§ **What is expected**: What's needed: every entry, printed exactly, minus the images.

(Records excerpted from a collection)
^^^^^^^^^^^^^^^^
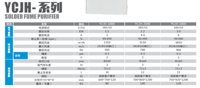 YCJH系列焊锡烟尘净化器是我司结合环保排放要求研制开发的激光行业烟尘净化器,具有风量大、稳定可
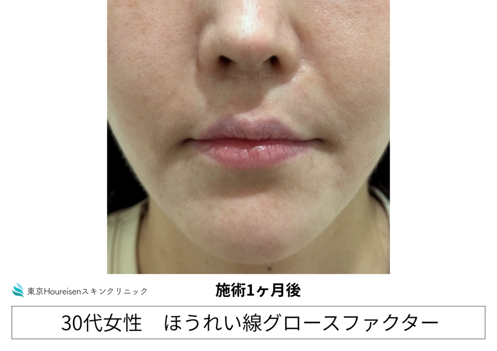 ほうれい線グロースファクター注射後、1ヶ月が経過しました。ほうれい線が改善されているように見えます。
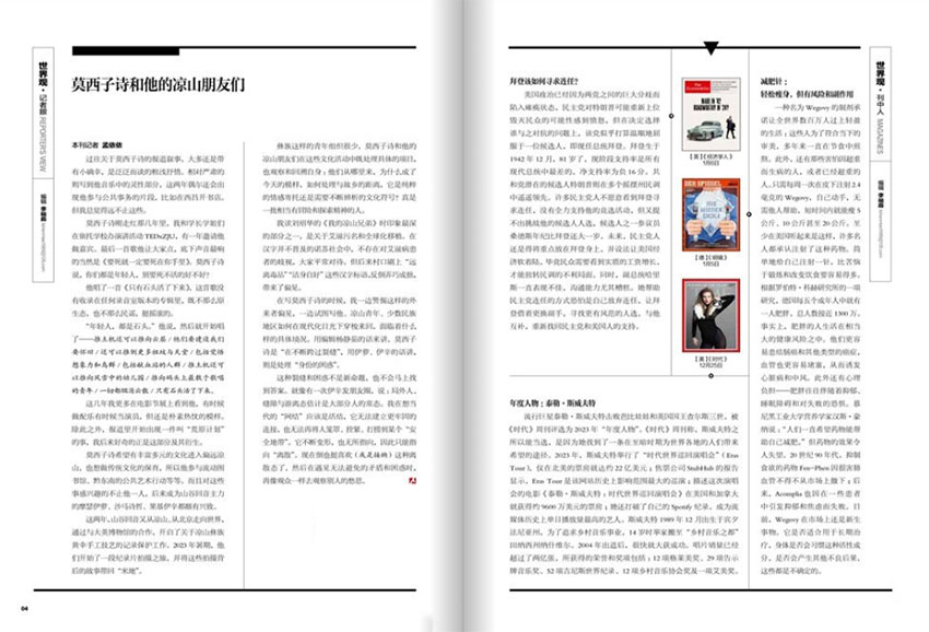作為一本富有人文關(guān)懷的雜志,在近年來不斷探索與創(chuàng)新,力求為讀者呈現(xiàn)更加深刻、更有溫度的人物報(bào)道,通過對不同人物的真實(shí)生活和內(nèi)心世界的揭示,讓讀者感受到每一個(gè)生命的獨(dú)特與珍貴,引發(fā)共鳴,激發(fā)人們對生活、人性、社會的思考。該雜志還致力于記錄時(shí)代的進(jìn)程,通過對不同時(shí)期、不同領(lǐng)域的人物的報(bào)道,呈現(xiàn)出中國社會的變遷和發(fā)展,這樣的報(bào)道,不僅為讀者提供了寶貴的歷史資料,也為歷史留存了一份底稿。
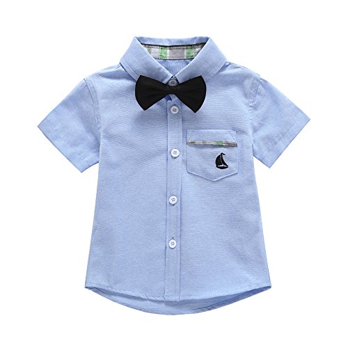 (プタス) Putarsサマーボーイウエスタンタイ半袖ソリッドカラーショートスリーブシャツ通気性コンフォートパーティシャツ18ヶ月 - 5歳
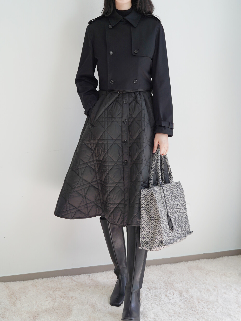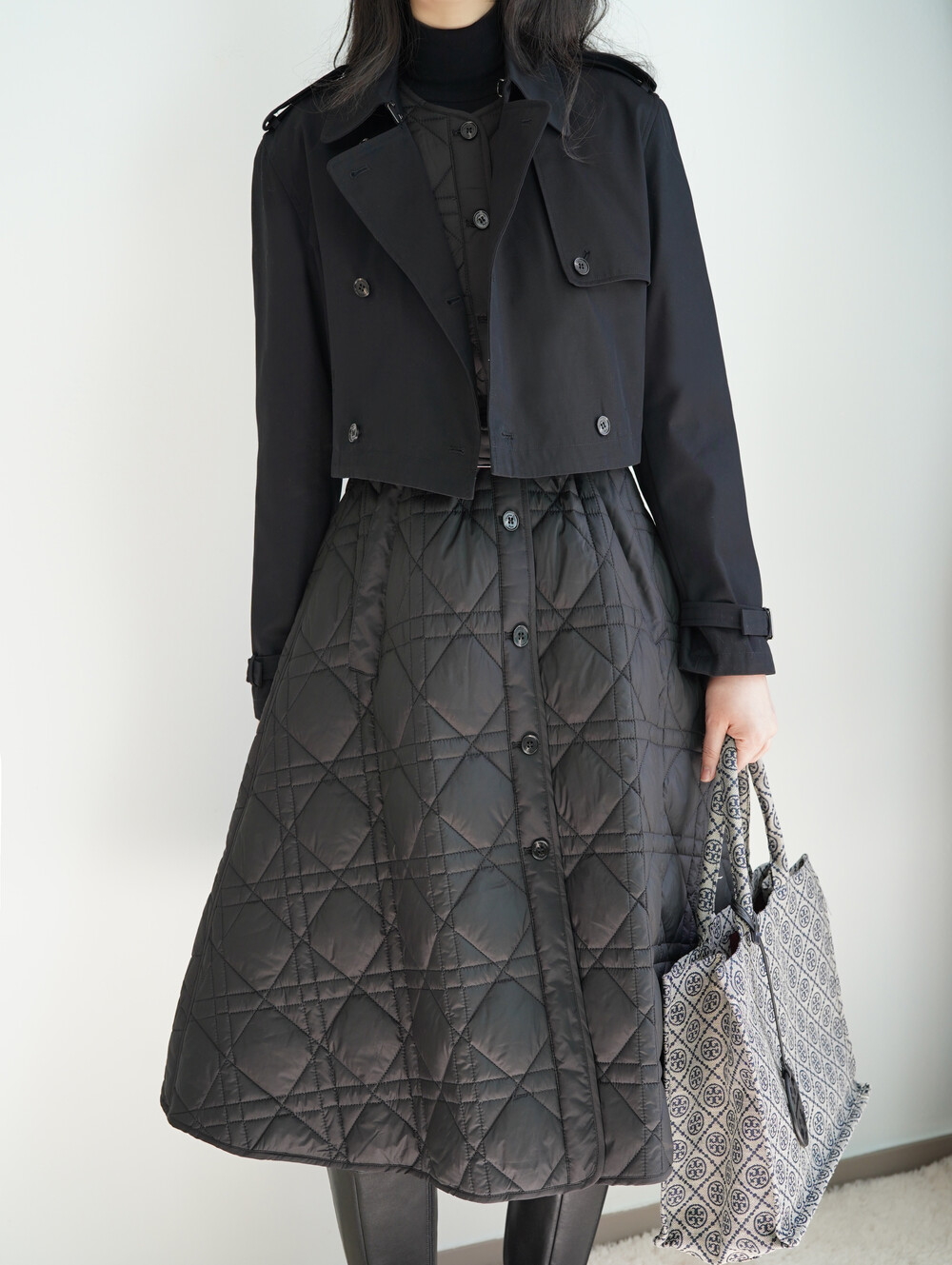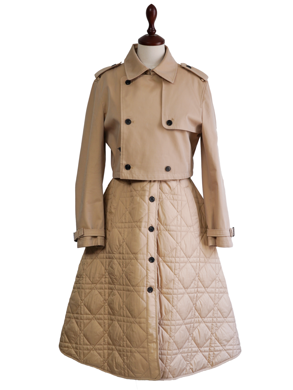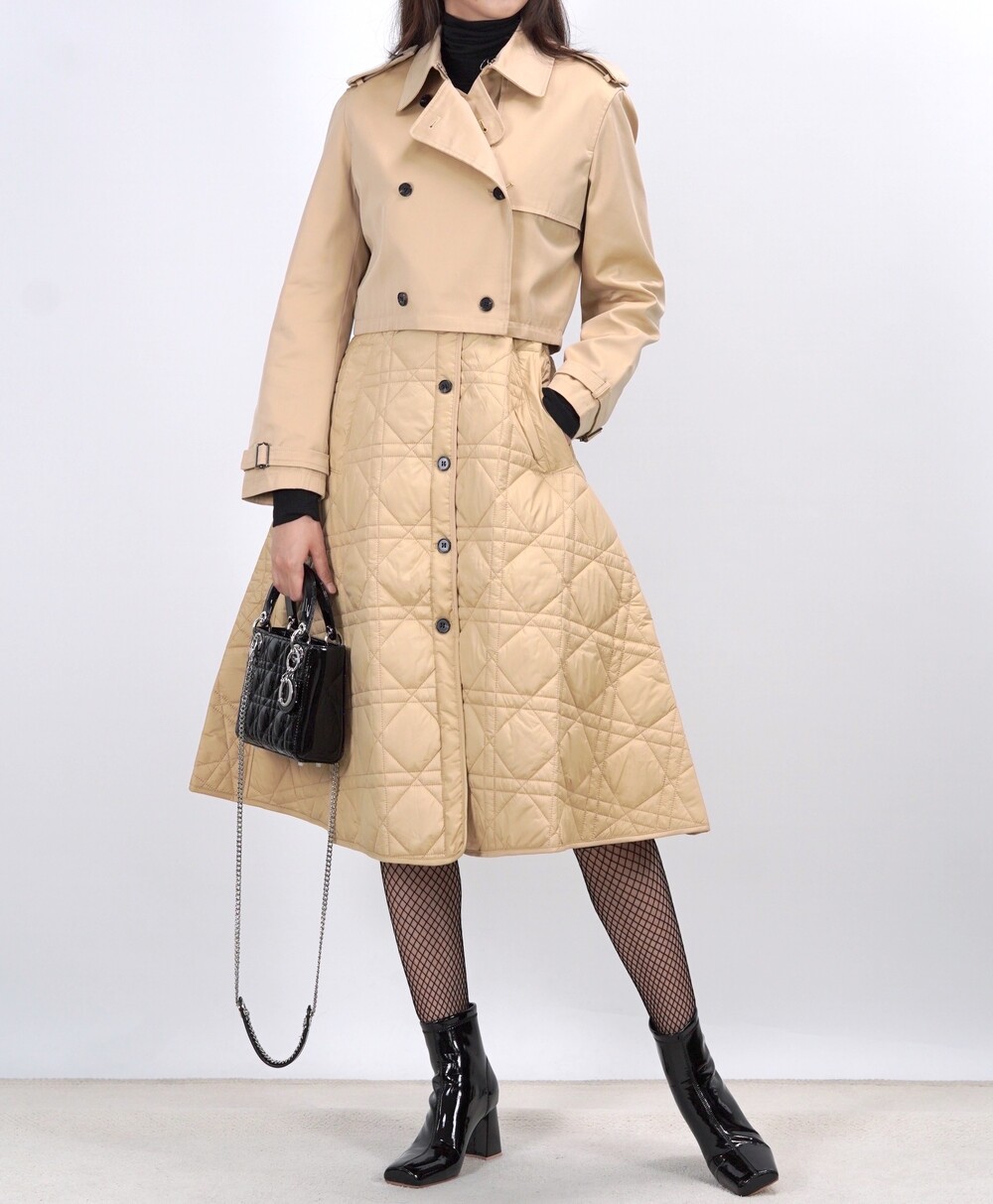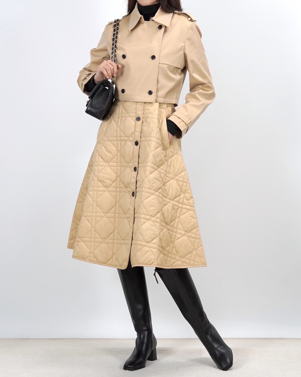개버딘 크롭 트렌치 코트 + 까나쥬 퀼팅 A 드레스
^^^^^^^^^^^^^^^^
§ **Solution to the exercise**:
 YCJH系列焊锡烟尘净化器是我司结合环保排放要求研制开发的激光行业烟尘净化器,具有风量大、稳定可
 ほうれい線グロースファクター注射後、1ヶ月が経過しました。ほうれい線が改善されているように見えます。
作為一本富有人文關(guān)懷的雜志,在近年來不斷探索與創(chuàng)新,力求為讀者呈現(xiàn)更加深刻、更有溫度的人物報(bào)道,通過對不同人物的真實(shí)生活和內(nèi)心世界的揭示,讓讀者感受到每一個(gè)生命的獨(dú)特與珍貴,引發(fā)共鳴,激發(fā)人們對生活、人性、社會的思考。該雜志還致力于記錄時(shí)代的進(jìn)程,通過對不同時(shí)期、不同領(lǐng)域的人物的報(bào)道,呈現(xiàn)出中國社會的變遷和發(fā)展,這樣的報(bào)道,不僅為讀者提供了寶貴的歷史資料,也為歷史留存了一份底稿。
 (プタス) Putarsサマーボーイウエスタンタイ半袖ソリッドカラーショートスリーブシャツ通気性コンフォートパーティシャツ18ヶ月 - 5歳
개버딘 크롭 트렌치 코트 + 까나쥬 퀼팅 A 드레스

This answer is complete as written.